Let’s talk a little about the waste of overprocessing.
Anyone who has been around Lean for more than a day or so has dived into the seven wastes (eight with unused creativity thrown in). One of the wastes is the waste of overprocessing. The most common explanation given about overprocessing is that it is the act of doing extra, non-value added steps. For example, printing out an e-mail for filing, or grinding a burr off a product after a cutting process.
But there is far less commonly discussed nuance to overprocessing waste.
I am talking more about the small incremental slowdown of equipment that saps productivity.

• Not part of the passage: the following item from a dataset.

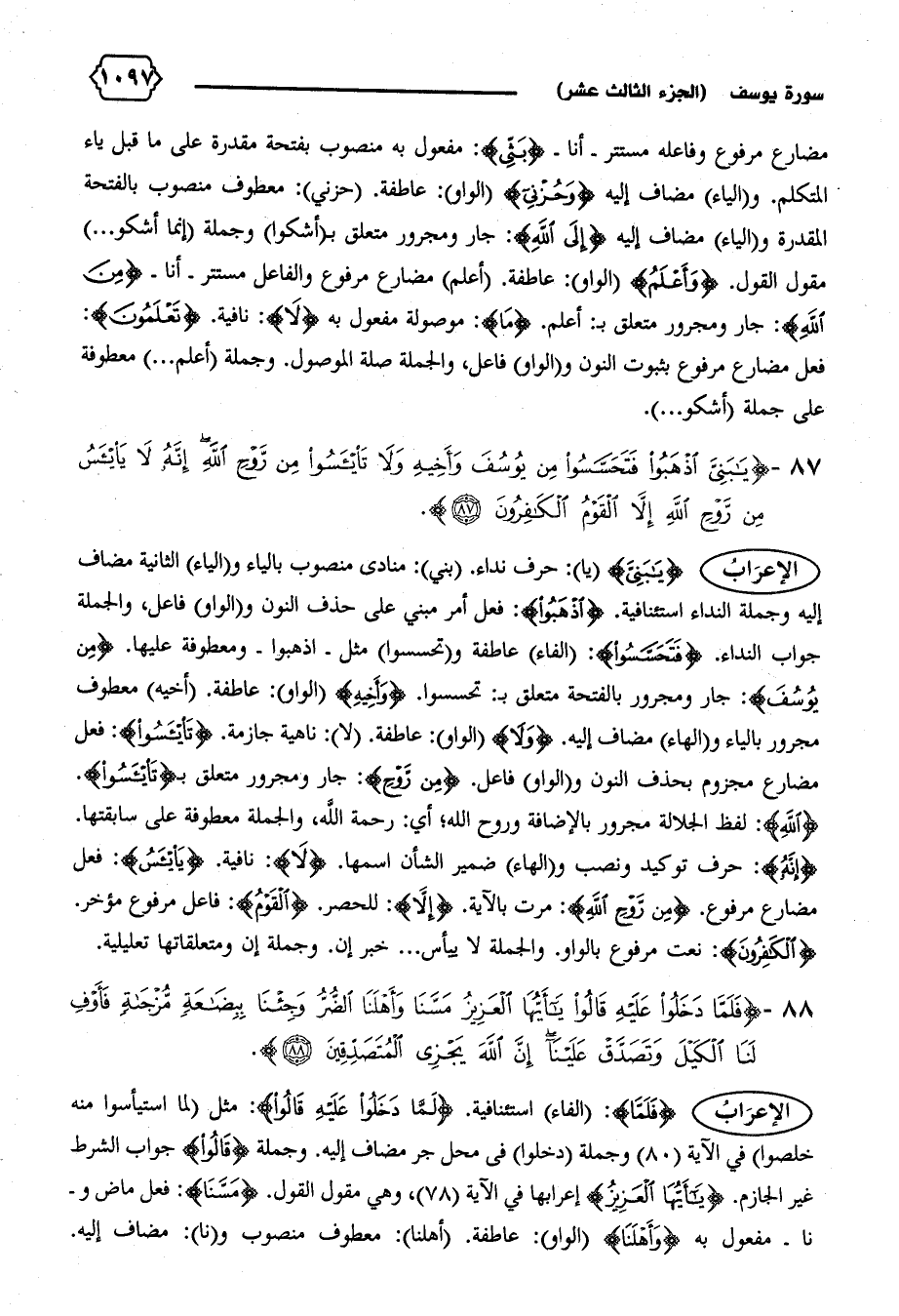 الإعراب {يا بَنِيَّ} (يا): حرف نداء. (بني): منادى منصوب بالياء و (الياء) الثانية مضاف إليه وجملة النداء استئنافية. {اِذْهَبُوا}: فعل أمر مبني على حذف النون و (الواو) فاعل، والجملة جواب النداء. {فَتَحَسَّسُوا}: (الفاء) عاطفة و (تحسسوا) مثل-اذهبوا-ومعطوفة عليها. {مِنْ يُوسُفَ}: جار ومجرور بالفتحة متعلق ب: تحسسوا. {وَأَخِيهِ} (الواو): عاطفة. (أخيه) معطوف مجرور بالياء و (الهاء) مضاف إليه. {وَلا} (الواو): عاطفة. (لا): ناهية جازمة. {تَيْأَسُوا}: فعل مضارع مجزوم بحذف النون و (الواو) فاعل. {مِنْ رَوْحِ}: جار ومجرور متعلق ب {تَيْأَسُوا}.

- A drill bit that is a little too dull, costing a few extra seconds per hole.
- A computer filled with too much electronic baggage, making programs sluggish.
- Equipment that takes just a little too much adjustment, slowing down a process.
I’m convinced, though, that the biggest waste from overprocessing comes a far different type of equipment.
It comes from fatigued and stressed gray matter.
Tired, chronically tense employees are slower, and less effective than well-rested, happy, satisfied employees.
Most employers pay attention to physical stressors. They build ergonomically correct workstations, add shock absorbing mats to work areas, use tool balancers, and implement a whole bunch of other techniques to keep tired muscles from affecting production.
Managing the intellectual slowdown is far less common.
People tend to work slower and make more mistakes at the end of a long day than they do at the start of a shift.
Rotating jobs to keep employees fresh, focusing on morale as a Lean strategy, and developing effective employee-boss relationships all contribute to reducing the waste of intellectual overprocessing.
What are you doing to keep you, or your team, from spending more brainpower on a job than you need to?
2 Comments
Lin Guo · March 8, 2012 at 3:09 pm
This article attempts to link over-processing to mental fatigue. The linkage is weak.
Jeff Hajek · March 8, 2012 at 4:37 pm
Hi Lin,
Thanks for commenting.
Are you saying that the article is weak at showing that having to perform overprocessing tasks (i.e. emailing and then faxing a document, or watching the hourglass on your screen, or staring at a drill bit for an extra 30 seconds) is fatiguing, or are you saying that you don’t believe that those sorts of tasks are fatiguing?
I’m always up for a good debate, and always want to make my content better. I’d love to hear more.